I have worked on a broad range of projects in machine learning and natural language processing.
Details of some of the projects are listed below.

Amortized Inference

For many structured prediction tasks in natural language processing and computer vision, the prediction
phrase is complicated and time consuming. As we move in an era where we dream of processing the entire web
on a daily basis or we want to process the twitter feeds in real time, we need to use the tools over billions
of instances. Many of these instances are similar (e.g. many people blaming Democrats or many people blaming
Republicans for the Government shutdown).
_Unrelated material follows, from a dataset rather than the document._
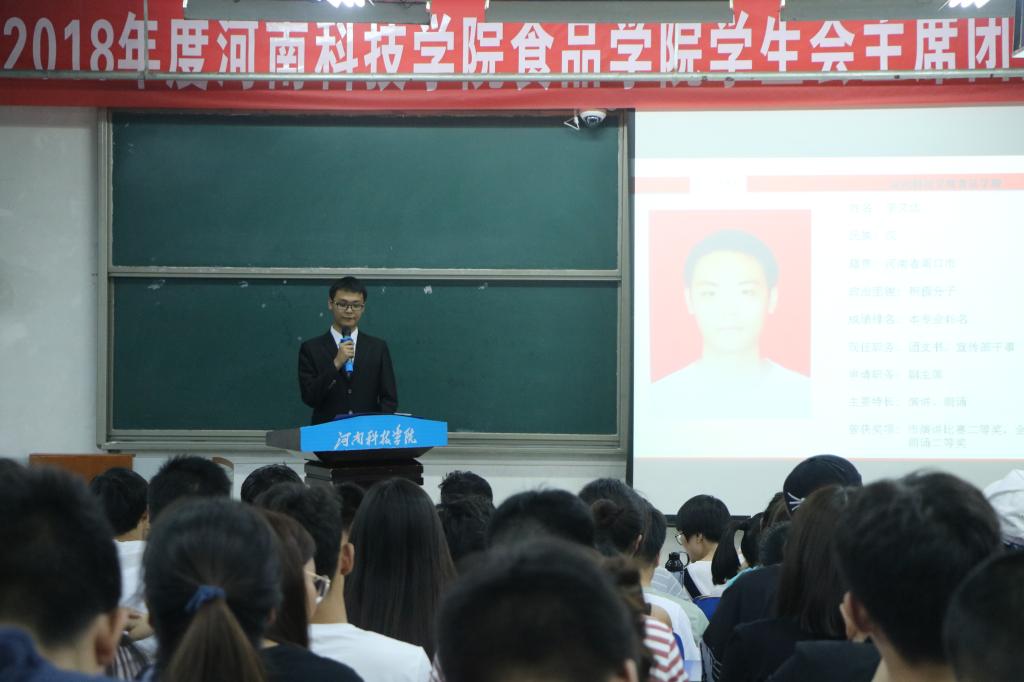 竞选大会由上一任学生会主席陈明学长主持,共分为五项。首先由团委副书记肖猛学长宣读《学生代表资格的审查报告》,陈明学长宣读《91抖音 主席团换届选举大会选举办法》以及大会注意事项。随后16位竞选同学按抽签顺序上场演讲答辩。他们礼仪端庄,神态昂扬,演讲内容充满了正能量,从自身优势到部门认知,再到对于学生会未来的改进与规划,他们用自己的热情和奋进为食品勾勒出一幅宏伟的蓝图。经过激动人心的演讲和精彩的答辩之后,进入紧张有序投票环节,代表们用心为让自己心动的竞选者投出信任的一票。检票期间,团委书记王明艳老师对此次大会做出总结,对此次大会给予高度赞扬,并对参与此次大会全体人员表示感谢,对91抖音 学生会工作的认可与鼓励,以及对91抖音 的未来充满希望。最后由主持人宣读票选结果。

Our tools will process many similar instances and therefore it
is bound to repeat the same computations again and again. The method we proposed was to store the predicted
structure for inputs as we process them and for each new input, check the cache of previously processed inputs
to see if some theorecital conditions are satisfied to guarantee that one of structures predicted previously
will be the optimal structure for the new input (without solving the new input problem). As we process more,
our cache will get richer and we will need to solve fewer problems from scratch in future as we will be able
to answer most of the problems from cache alone.

Relevant Publications

Gourab Kundu*, Vivek Srikumar*, Dan Roth, Margin based Decomposed Amortized Inference, Annual Meeting of
Association of Computational Linguistics (ACL), 2013 Poster
Vivek Srikumar*, Gourab Kundu*, Dan Roth, On Amortizing Inference Cost for Structured Prediction, Empirical
Methods on Natural Language Processing (EMNLP)2012 Poster

Domain Adaptation

Statistical learning methods have an assumption that the training and test data are drawn from the same
distribution. Unfortunately, in fields like language processing and computer vision and others, quite often
we have to train models from training data of one domain and need to test it on data from a different domain.
As labeling data is very expensive and the number of different domains is very large, it is infeasible to label enough data
from each domain and train a separate model for each domain. The solution is then to train a model from training
data of some domain and then adapt the model for a new domain without any labeled data. The direction I am working on
is to use the same model on all domains and change the text from each domain so that the same model can have high accuracy
on this adapted text. Text adaptation for a new domain can be less time consuming than building a new model for
each new domain. Moreover, model adaptation is infeasible when the model is itself a mixture of several independent
models and tools. In these cases, text adaptation is the only feasible solution.

Relevant Publications

Gourab Kundu, Dan Roth, Adapting Text instead of the Model : An Open Domain Approach, International Conference on
Computational Natural Language Learning (CoNLL), Portland, 2011. (BEST STUDENT PAPER AWARD)
Gourab Kundu, Ming-wei Chang, Dan Roth, Prior Knowledge Driven Domain Adaptation, ICML Workshop on Combining Learning
Strategies to Reduce Label Cost, Seattle, 2011
Gourab Kundu, Ming-wei Chang, Dan Roth, ChengXiang Zhai, A New Framework for Domain Adaptation without Model Retraining,
Computer Science Research and Technical Reports, University of Illinois (2013)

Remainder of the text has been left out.